The Conversation of Existentialism


The Conversation of Existentialism is a long one to have, the conversing parties being you and yourself. I’ve never come across a simpler concept that was so all encompassing and complex within itself.
It almost allures you in with sense of finality and meaning or a definitive lack of it therein; and once in, you realize it to be the quicksand the ancient mystics warned you of. Yet, even within their supposed attempts to dissuade you from self discovery, they seem to create a subconscious want to submerge yourself head first into the pool of questioning everything.

The premier question being WHY.
Why what you may ask, the answer being “Why anything”
What is the point of everything and therefore, what is the point of anything.

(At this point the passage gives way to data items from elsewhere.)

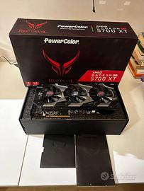 Specifiche principali: GPU: AMD Radeon RX 5700 XT Memoria: 8GB GDDR6 Interfaccia: PCIe 4.0 Versione custom Red Devil (tripla ventola, ottimo sistema di dissipazione) Scheda sempre utilizzata in PC personale, senza mai problemi di prestazioni. Perfetta per giocare a tutti i titoli come: Elden Ring Cyberpunk 2077 Call of Duty: Warzone Temperature e prestazioni sempre ottimali. Nessun difetto tecnico o estetico. incluso: Scatola originale Accessori originali Manualistica Ho personalmente effettuato il cambio di pasta termica applicando MX-4 + Pad termici nuovi. Il dissipatore con le tre ventole non sono MAI STATI USATI, poiché il mio pc montava raffreddamento a liquido.
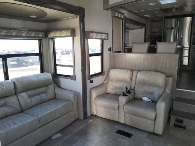 2020 CEDAR CREEK 38EFK FIFTH WHEEL CAMPER, THIS UNIT WENT OVER A BUCKLE ON THE INTERSTATE AND FLEXED THE FRONT PART OF THE FRAME, SALVAGE TITLE, VIN#4X4FCRP29LS223668. VERY NICE CAMPER
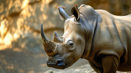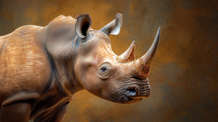 Close-up portrait of a majestic rhino showcasing its impressive horn and strong features set against a warm, textured background, highlighting wildlife beauty.
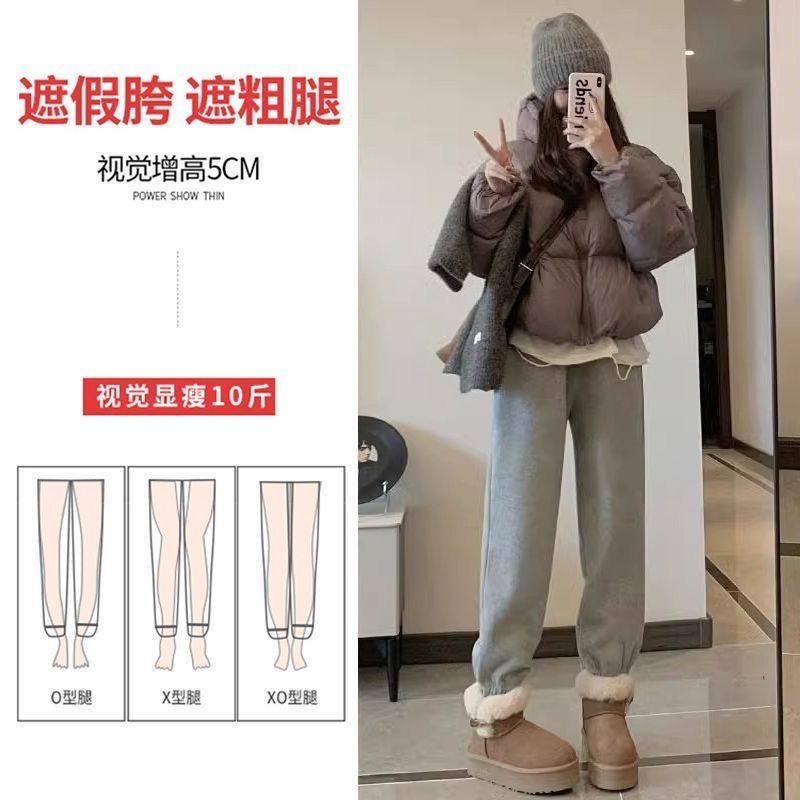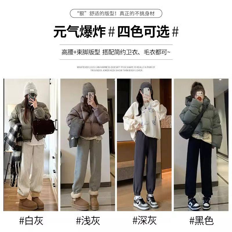 婧麒孕妇裤子秋冬季外穿东北羊羔绒运动裤加绒无托腹大码束脚卫裤
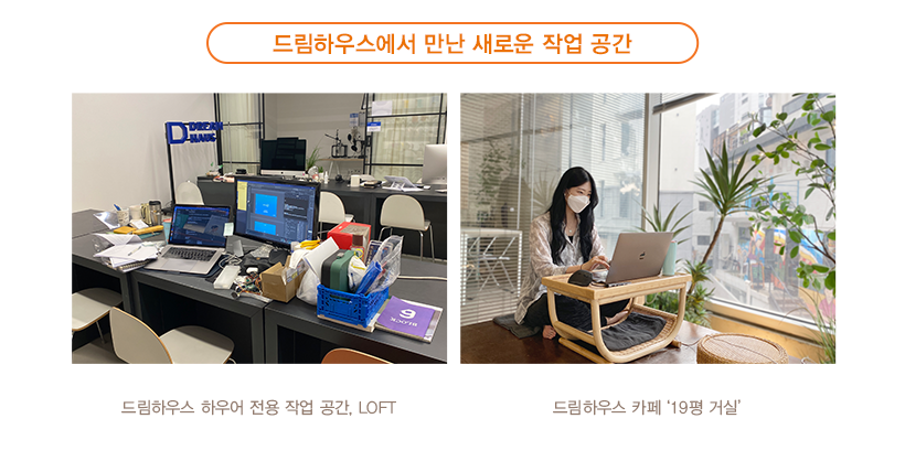 새로운 공간에 대한 관심도 빠질 수가 없는데요, 저는 특정 공간과 그 안에서 일어나는 교류에 대한 호기심, 갈증이 항상 있었습니다. 그래서 기회가 생기면 최대한 경험을 해보는 쪽을 택했고, 드림하우스에 입주한 것도 그러한 이유에서였습니다. 그런데 직원으로서는 삶의 상당 시간을 일정한 공간에 있어야 하는 것 또한 하나의 의무였기 때문에, 내가 일할 공간을 직접 결정할 수 있는 프리랜서가 되어보자고 생각했습니다. 초반에는 아예 정해진 공간이 없는 디지털노마드가 적성에 맞는 줄 알았으나, 매일 무거운 짐을 들고 앉을 곳을 찾아다니는 것도 쉬운 일은 아니었습니다. 그리고 직업의 특성상 3D 형상을 만들거나 오랜 시간 렌더링을 걸어야 할 때도 있어 오히려 비효율적이었죠. 그래서 개인 작업실을 구축하여 정해진 시간에 출근하는 형태로 일을 하지만, 창의적인 아이디어를 내야 하거나 가벼운 도구만 필요한 날에는 적극적으로 외부로 나가 작업을 하고 있습니다. 드림하우스에 입주하고 나서는 하우어 전용 작업 공간인 LOFT와 카페 19평 거실에서 작업하는 시간이 많아졌습니다. 개인적으로 애착이 많은 연남동에서 한 분 한 분 존경스러운 하우어들과 살아가고 있는 요즘이, 제가 바라고 있던 삶인 것 같습니다.

I do realize my own shortcomings in describing something that even great people have failed to fully capture in words, yet through the limitations in my capacity to loquaciously describe this which I’ve been going through, know that it does not belittle or limit the intensity of how much I think I feel it.
Why did I use “I think” instead of the more acceptable “I know”? Because I know nothing.

I don’t believe in everlasting bonds of relationships or supernatural powers. I don’t know what happens when I die but I know I will. Statistically and empirically, I can suggest, nothing happens when I die. 4 million years is enough for there to have been at least ONE testable, widely accepted ‘truth’ about what happens when we die. Instead, it boils down to just uneducated guessing, and I mean uneducated in every sense of the word, for only a very very insignificant section of the scientific population even accept the theory of an after-life, let alone the theory of a soul.


Why is it them imperative to have this conversation at all?
Well let us look at it this way. Children have all sorts of problems. From homework to not enough television time; from play ground fights to not getting their desired toys; from being unable to talk to cute members of the opposite sex to not having the money and freedom they think they deserve.
These are exactly the problems we have as adults, albeit upgraded versions of these.
People who never push through this level are your average general populace. They eventually succumb to a “mid-life crisis” and push through it with material or emotional replacements for their supposed problems. Their mid-life crisis becomes a persistent phenomenon and they live building false ideas of entitlement and sometimes is replaced by shallow egos. Affairs are had, expensive things bought, temper tantrums thrown and sometimes anguish projected onto other innocent people.

The Percentage of the general population that breaks through the first layer are people that reach the second level of problems. The problems brought by spiritualism or religion or even by the absence of it. This is where people question the existence of a creator, a lot of people that reach here lean towards believing in a supernatural creator and therefore eventually get trapped here forever and exist in limbo between here and the first layer, believing in a mix problems caused by the first and second layer.

The last kind push through, resolve their out problems and are fairly well settled with the idea of a lack of a creator and therefore battle with the biggest problem of all. The self.
What to do with yourself in a world that was born of random probability and chance.

This is the toughest and biggest battle. Once you’ve reached here, you either fall into a deep depression or reach heights of happiness not even known to be attainable before. From here, you can never fall back into the first category, although if you’ve rushed your way here, you can slip back into the second.


Now, the Why.
Would you live your life as a child? Is that because you are really only scared to grow up? What if really this IS the only life you’ll ever lead. What do you have to lose then? Would you not want to let go of the petty squabbles of problems you have now?
The choice is simple really. To grow up, or not to.